What needs to be done:
Somewhere below, one line contains "10月12日晚,在喜迎黨的二" and a later line contains "Although the Kenya". Output those two lines and everything between them exactly, and nothing else.

───── Data records

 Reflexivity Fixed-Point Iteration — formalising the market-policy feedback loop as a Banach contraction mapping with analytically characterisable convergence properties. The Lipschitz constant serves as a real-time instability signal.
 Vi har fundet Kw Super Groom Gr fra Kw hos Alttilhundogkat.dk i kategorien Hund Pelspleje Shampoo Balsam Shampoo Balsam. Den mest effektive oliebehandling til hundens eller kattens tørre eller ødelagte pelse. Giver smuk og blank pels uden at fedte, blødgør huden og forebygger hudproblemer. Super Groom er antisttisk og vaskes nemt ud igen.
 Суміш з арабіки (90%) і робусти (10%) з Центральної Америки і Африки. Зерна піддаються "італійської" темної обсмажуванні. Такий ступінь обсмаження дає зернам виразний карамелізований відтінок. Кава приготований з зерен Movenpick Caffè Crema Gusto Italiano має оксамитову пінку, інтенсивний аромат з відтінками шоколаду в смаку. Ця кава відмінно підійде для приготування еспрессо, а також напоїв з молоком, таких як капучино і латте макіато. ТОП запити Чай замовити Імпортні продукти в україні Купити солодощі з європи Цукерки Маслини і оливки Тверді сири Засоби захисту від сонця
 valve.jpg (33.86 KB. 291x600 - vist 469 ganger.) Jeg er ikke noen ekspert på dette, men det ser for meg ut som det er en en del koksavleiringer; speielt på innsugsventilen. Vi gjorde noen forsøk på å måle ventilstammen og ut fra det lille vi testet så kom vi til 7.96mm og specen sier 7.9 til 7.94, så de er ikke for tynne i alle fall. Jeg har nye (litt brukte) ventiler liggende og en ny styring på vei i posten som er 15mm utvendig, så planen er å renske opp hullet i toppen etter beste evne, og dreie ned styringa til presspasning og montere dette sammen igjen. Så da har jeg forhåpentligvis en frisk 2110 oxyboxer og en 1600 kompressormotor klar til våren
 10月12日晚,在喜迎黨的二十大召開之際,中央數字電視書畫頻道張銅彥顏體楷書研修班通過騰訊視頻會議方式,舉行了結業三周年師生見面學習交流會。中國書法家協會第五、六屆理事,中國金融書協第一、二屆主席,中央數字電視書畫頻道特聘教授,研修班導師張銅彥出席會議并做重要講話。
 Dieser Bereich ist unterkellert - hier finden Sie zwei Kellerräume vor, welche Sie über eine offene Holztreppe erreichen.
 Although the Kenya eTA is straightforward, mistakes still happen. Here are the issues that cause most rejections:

──────────
───── Data records

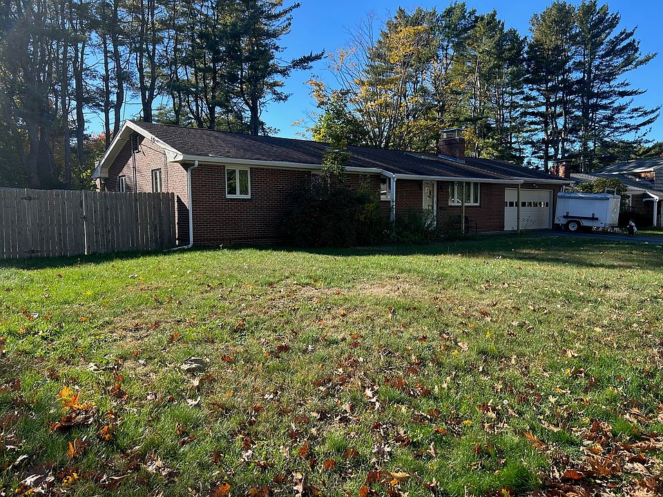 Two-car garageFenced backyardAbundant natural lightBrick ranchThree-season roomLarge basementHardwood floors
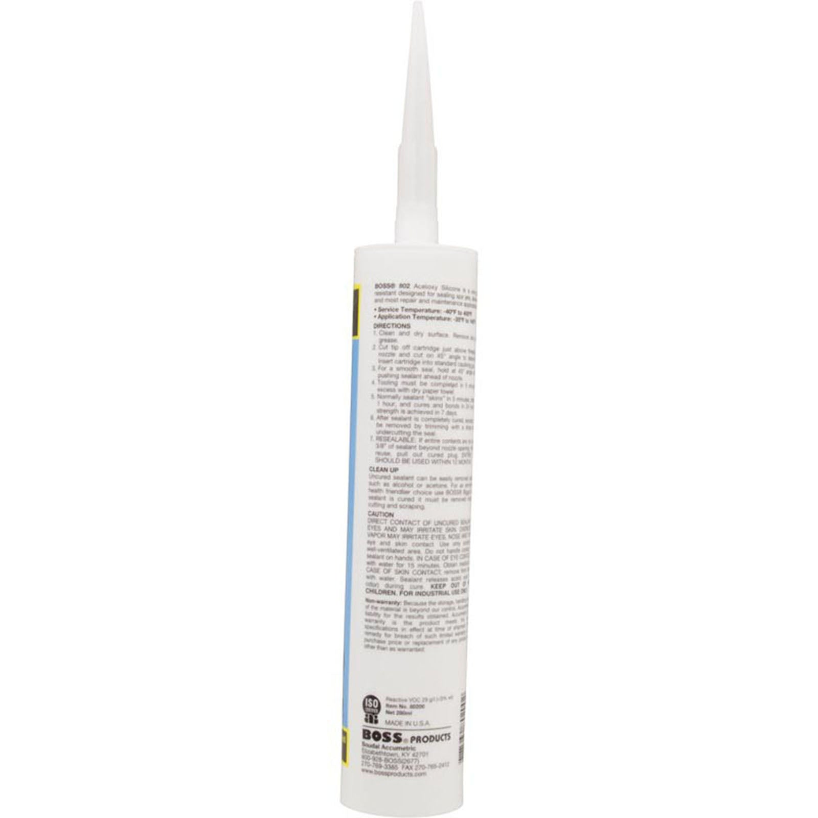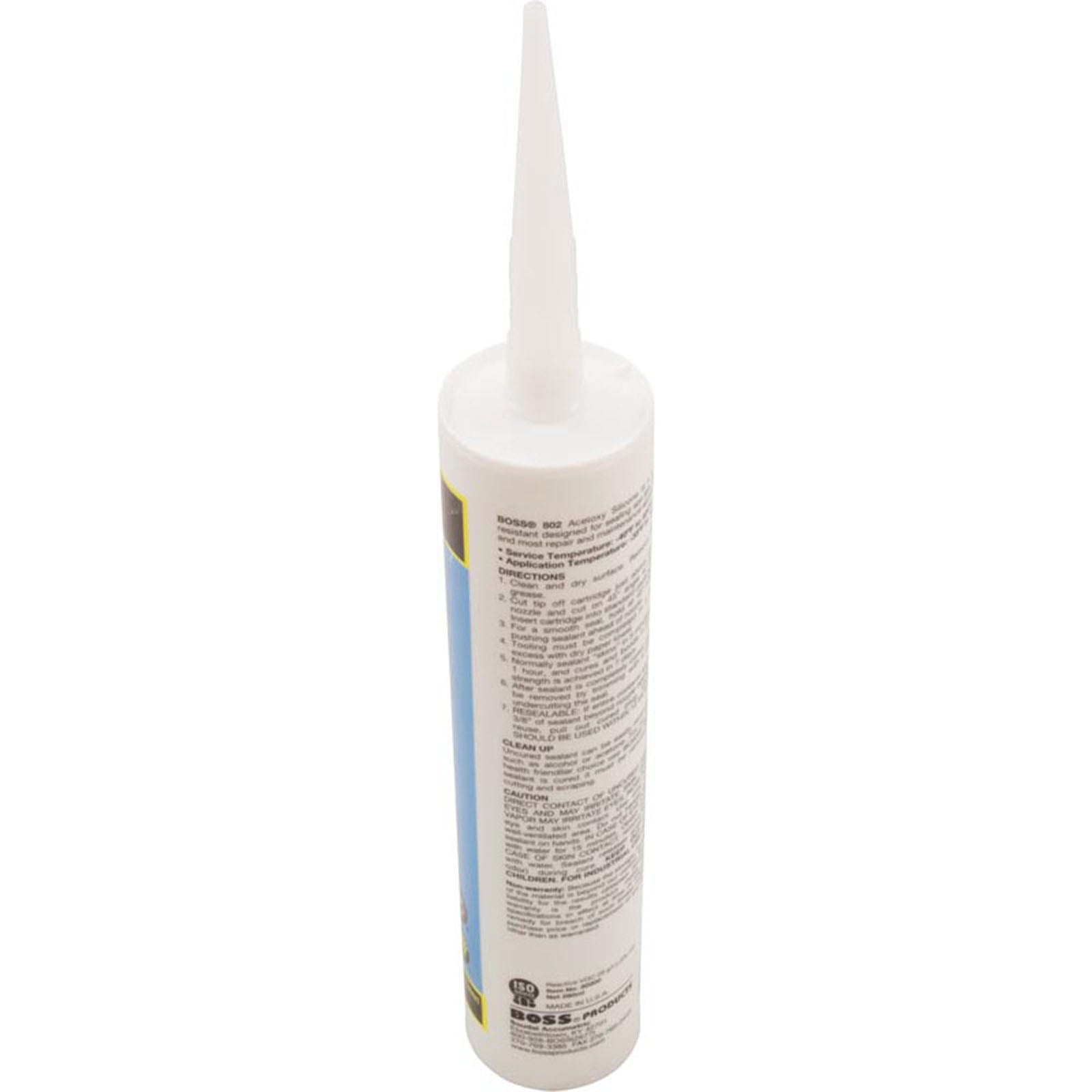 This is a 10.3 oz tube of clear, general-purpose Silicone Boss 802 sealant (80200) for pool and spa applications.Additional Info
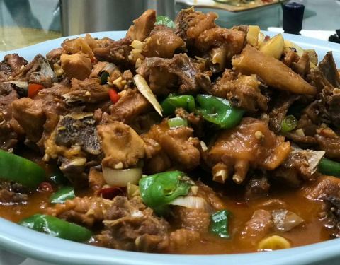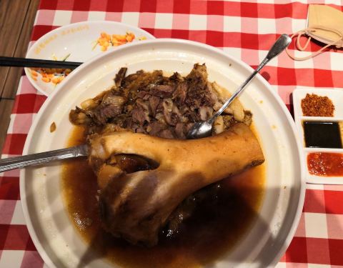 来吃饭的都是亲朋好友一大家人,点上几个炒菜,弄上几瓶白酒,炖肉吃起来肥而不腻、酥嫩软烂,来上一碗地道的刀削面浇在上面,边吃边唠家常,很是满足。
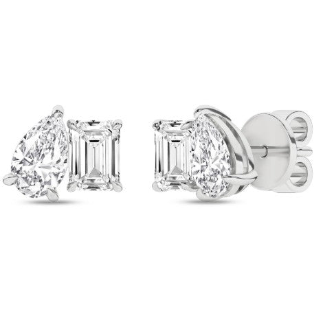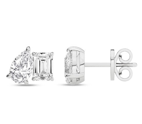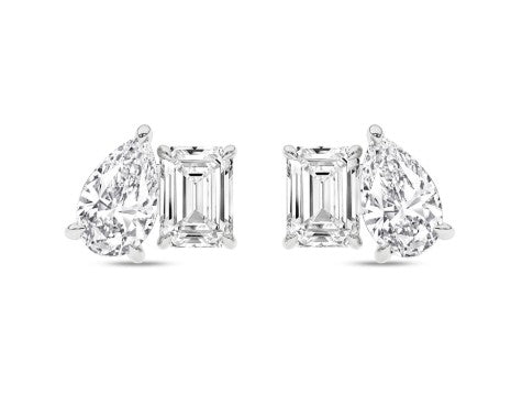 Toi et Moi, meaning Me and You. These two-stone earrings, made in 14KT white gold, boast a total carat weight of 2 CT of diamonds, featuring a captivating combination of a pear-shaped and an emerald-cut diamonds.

──────────

Solved problem:
 10月12日晚,在喜迎黨的二十大召開之際,中央數字電視書畫頻道張銅彥顏體楷書研修班通過騰訊視頻會議方式,舉行了結業三周年師生見面學習交流會。中國書法家協會第五、六屆理事,中國金融書協第一、二屆主席,中央數字電視書畫頻道特聘教授,研修班導師張銅彥出席會議并做重要講話。
 Dieser Bereich ist unterkellert - hier finden Sie zwei Kellerräume vor, welche Sie über eine offene Holztreppe erreichen.
 Although the Kenya eTA is straightforward, mistakes still happen. Here are the issues that cause most rejections:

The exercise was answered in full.